The Sharper Edge of Her: Excerpt 4

I spent a short time alone outside the walls of the art house every day. Not to escape or avoid humiliation as I might have predicted, but for a magic air top-up, gentle realignment. Smoking. 

Some days I’d walk a slow lap around the perimeter of the building, intentionally barely lifting my feet so I could feel the damp grass tickling at my toes through my sandals. 

Other days I’d visit my favourite spots of the garden – the concrete slab, the bush where something lived, the power cable in its yellow and black striped casing – circling round and round. Then, sometimes I’d walk into the middle of the farm path that sloped up the side of the grounds and just stand there, still for a while. 

Twice I sat in the tree swing. Roped to some sturdy branch overhead, the swing seat was made from a repurposed piece of scuffed pink plastic, a sizeable crack splitting its side, perfectly positioned to slyly pinch thighs and bums. What function the scuffed pink plastic had performed in its previous life, I have no inkling.

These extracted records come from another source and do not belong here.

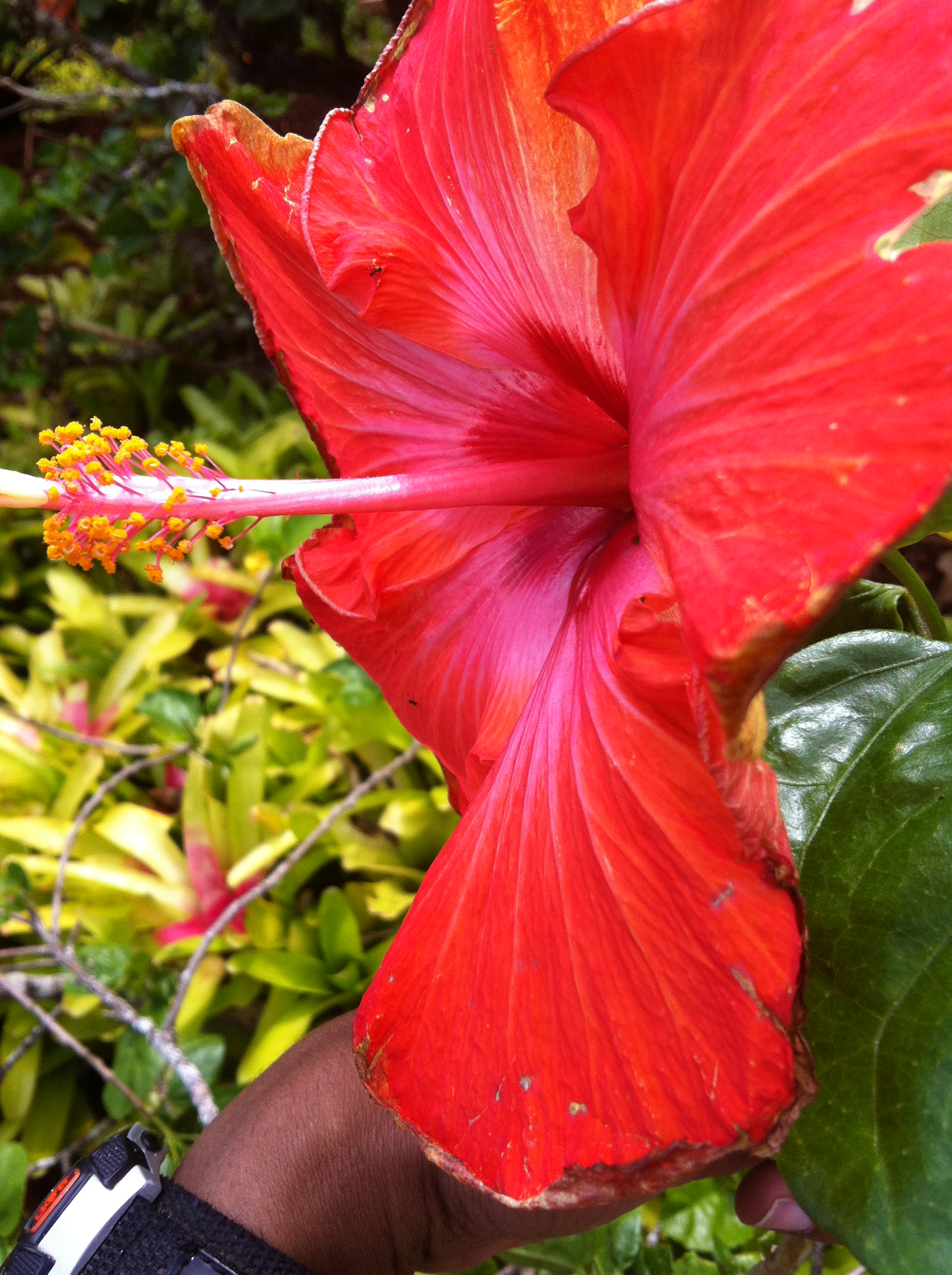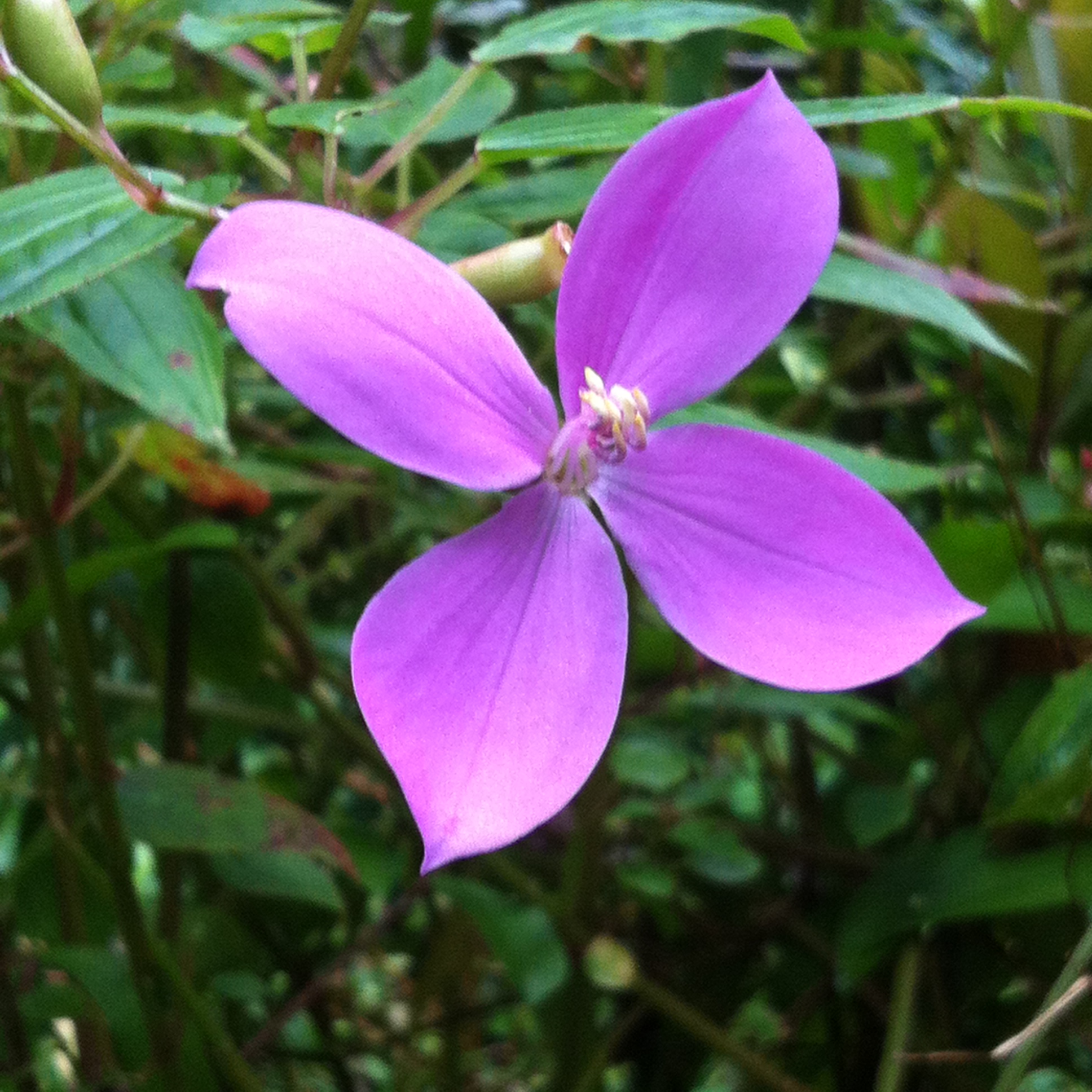 The majority of the hike is uphill. This is why I mention you should check to see whether or not it rained the night or day before because the trail might be somewhat difficult for people who don’t hike often. With that said you obviously want to wear appropriate footwear as the ground is very uneven and it will be muddy in places. 494 Also, the terrain is like a jungle and it gets pretty muggy, so only bring what you need if you’re going to do this hike and not a whole bunch of baggage that might weigh you down and cause you to sweat more. I’m not sure how popular this trail is but we had a pretty quiet hike the entire time and we definitely got to work out. If you do happen to go on a busy day the parking lot does fill up pretty quickly. So, the earlier you go the better …mainly because it’s cooler and there’s less mosquitoes. The mosquitoes were a real trip! I will say that we got bit up by the mosquitoes on the trail so please bring a reasonable level of insect repellent. This trail is nice because it also lets you see a lot of the native flowers of Hawaii in their natural environment rather than plucked off and put on a lei or dangling in someone’s hair as a hair accessory.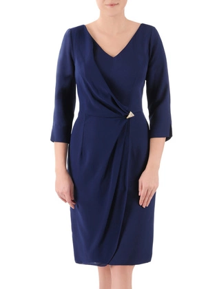 Granatowa sukienka damska na wesele z eleganckim drapowaniem i ozdobną broszką 38859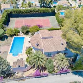 Villa met uitzicht op zee in Pla del Mar van 362 m2 bebouwd op een perceel van 880 m2, zwembad, garage en (optioneel) tennisbaan.Absolute opportuniteit om te investeren in het gewilde Moraira, in de meest gezochte wijk.2 verdiepingen met in totaal 5 slaapkamers en 3 badkamers, woonkamer, keuken, berging, garage.De eerste verdieping is het primaire woonvertrek met 3 slaapkamers, 2 badkamers, living en volledig uitgeruste ruime keuken.Alle vertrekken in deze woning zijn van een mooi ruim formaat, geen ‘hokjes’.Deze verdieping heeft ook een overdekt terras over de gehele breedte, van waaruit u kunt genieten van een panoramisch uitzicht op zee richting Calpe en een weids uitzicht naar het westen. Toegang tot dakterras.Oriëntatie zuidwesten, volop zon met een panoramisch zicht op de zonsondergang.De begane grond is ingericht met 2 slaapkamers en een zeer ruim, nader in te vullen oppervlak, uitstekend te benutten als living met keuken.Gesitueerd aan een cul-de-sac, op slechts 1km van het centrum en het strand van Moraira, in de populaire urbanisatie Pla del Mar. Gemakkelijke wandeling naar het dorp Moraira, de jachthaven en strand.Het object bestaat uit twee aangrenzende percelen. Het voorste perceel, waar momenteel een tennisbaan op ligt, kan optioneel worden mee aangekocht. Vlak perceel met zwembad op het zuiden. Zonnig terras en volgroeide mediterraanse tuin met buitenkeuken. Garage en toegangspoort (elektrisch)In goede staat, inclusief recente schilderbeurt.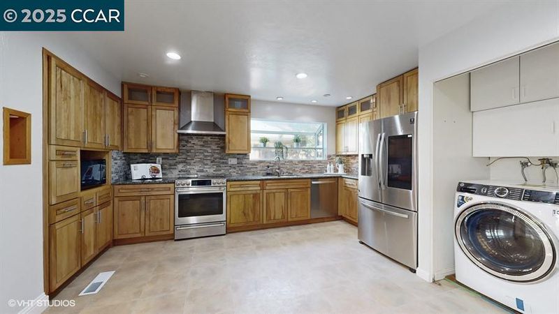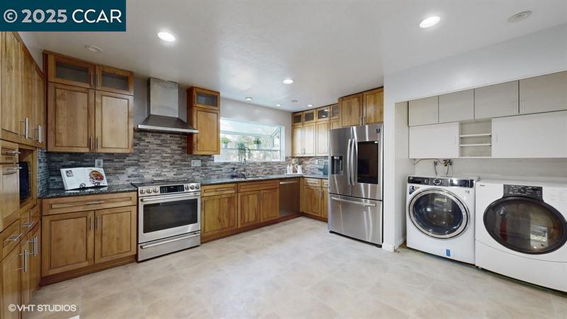 - Dishwasher, Electric Range, Microwave, Refrigerator, Dryer, Washer, Counter - Stone, Electric Range/Cooktop, Updated Kitchen, Wet Bar

The ropes of the swing were hung jauntily and so the seat permanently slanted to one side. There was seemingly no way to prevent my body sliding againt sharp edges, no way to prevent rusted metal digging painfully into my hip. 

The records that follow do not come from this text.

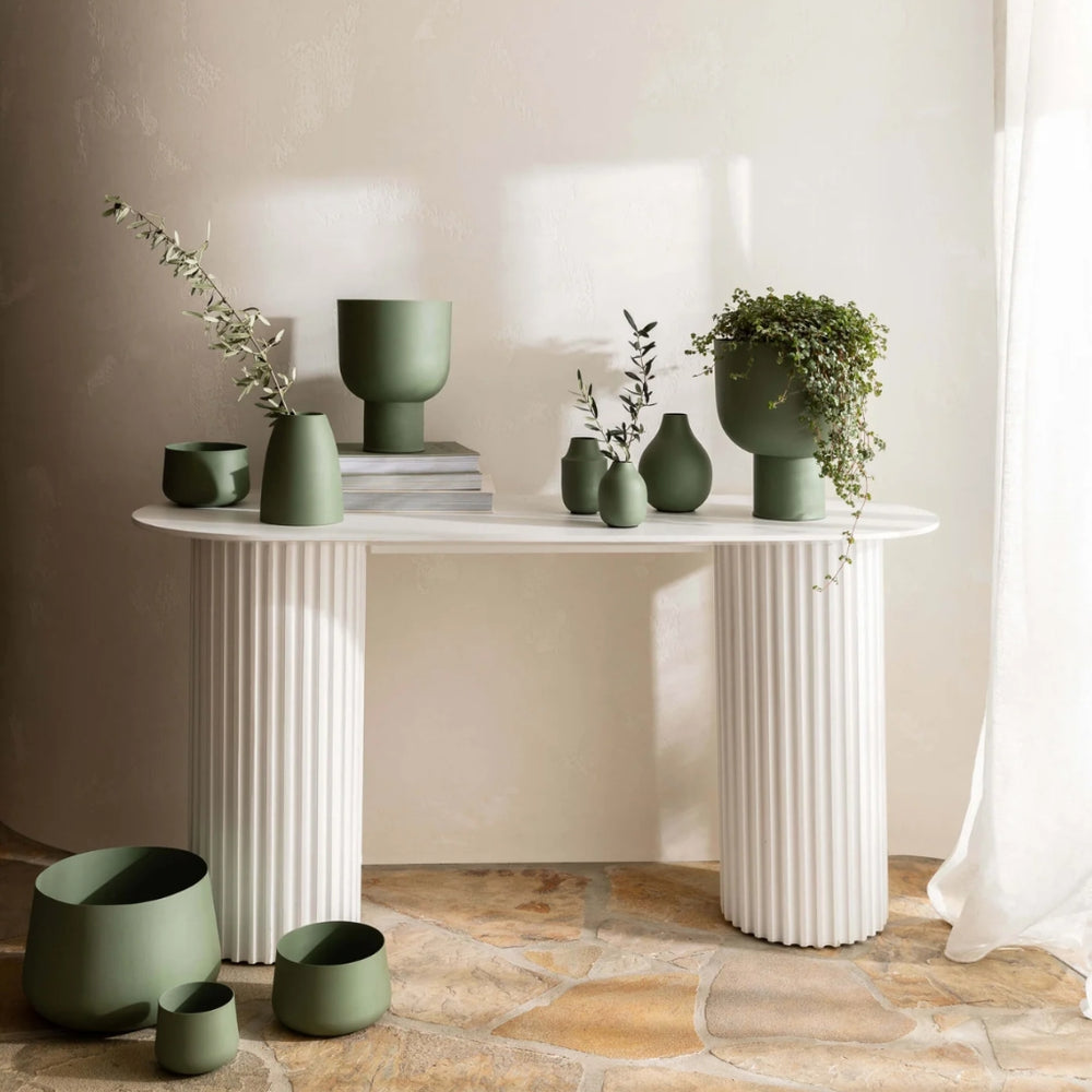 Bring greenery into the home in a modern way with the Mona Planter range. The iron Mona Planter’s beautiful curved lines and matte finish on the outside contrast strikingly with fresh indoor plants.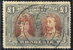 £1 red and black, neatly cancelled by nearly complete Bulawayo double-ring datestamp for 26 September 1912; a little faded, trace of soiling and a short perf. at left. Rare. Brandon Certificate (1996). S.G. 179, £3,250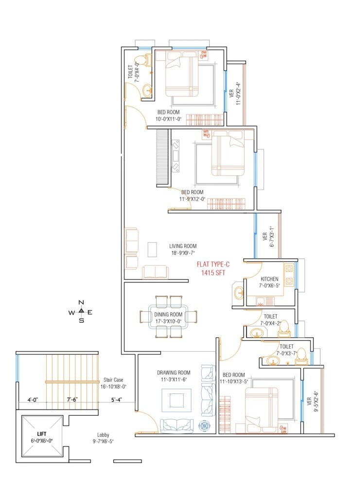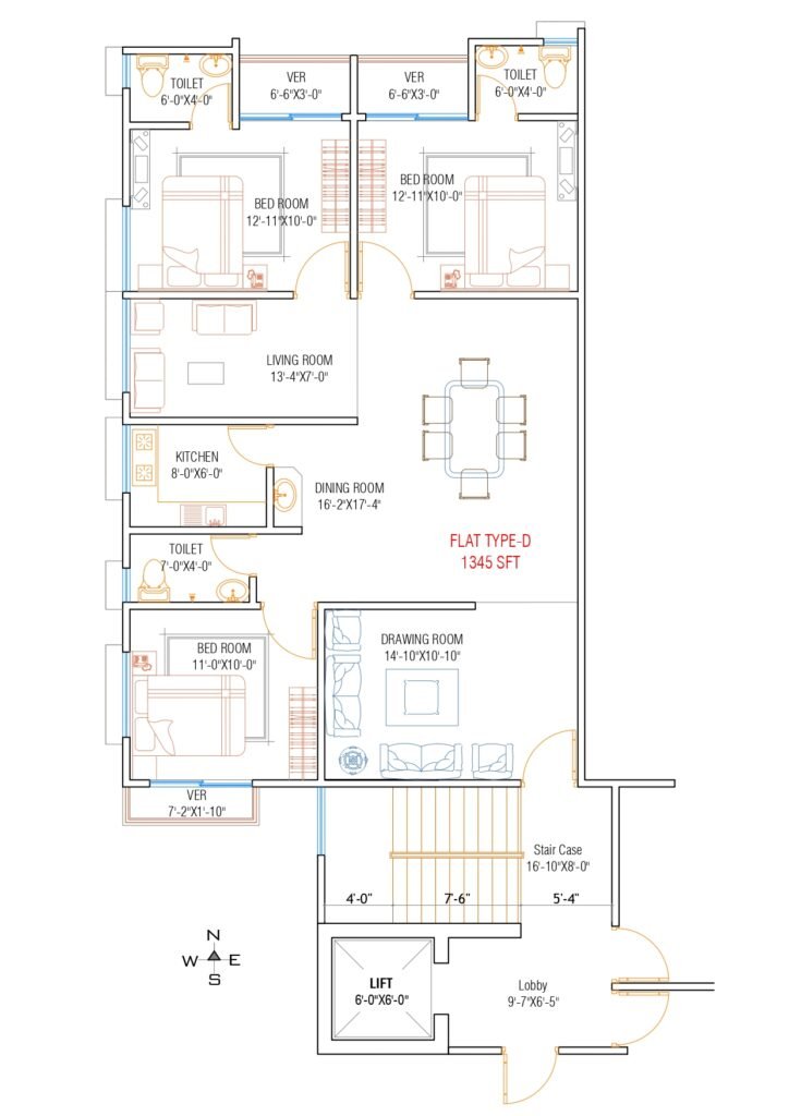 প্রতিটি ফ্ল্যাটের আকার (ভিতরে ভিতরে): প্রায় ১৩৫০ বর্গফুট

Despite its intent on hurting me, the broken swing gifted me a certain sort of joy – a joy bound up, I think, with memories of an ice lolly I ate on a  Spanish beach as a child. Before it split and collapsed in on itself, I imagine the pink plastic to have tasted like the lolly. A little lick, the colour complicated, exotic. 

As though to bid me good riddance, early one morning I gleefully thudded down on to the swing seat and last night’s rain water gushed out of the crack in the plastic and soaked me right through to my underwear.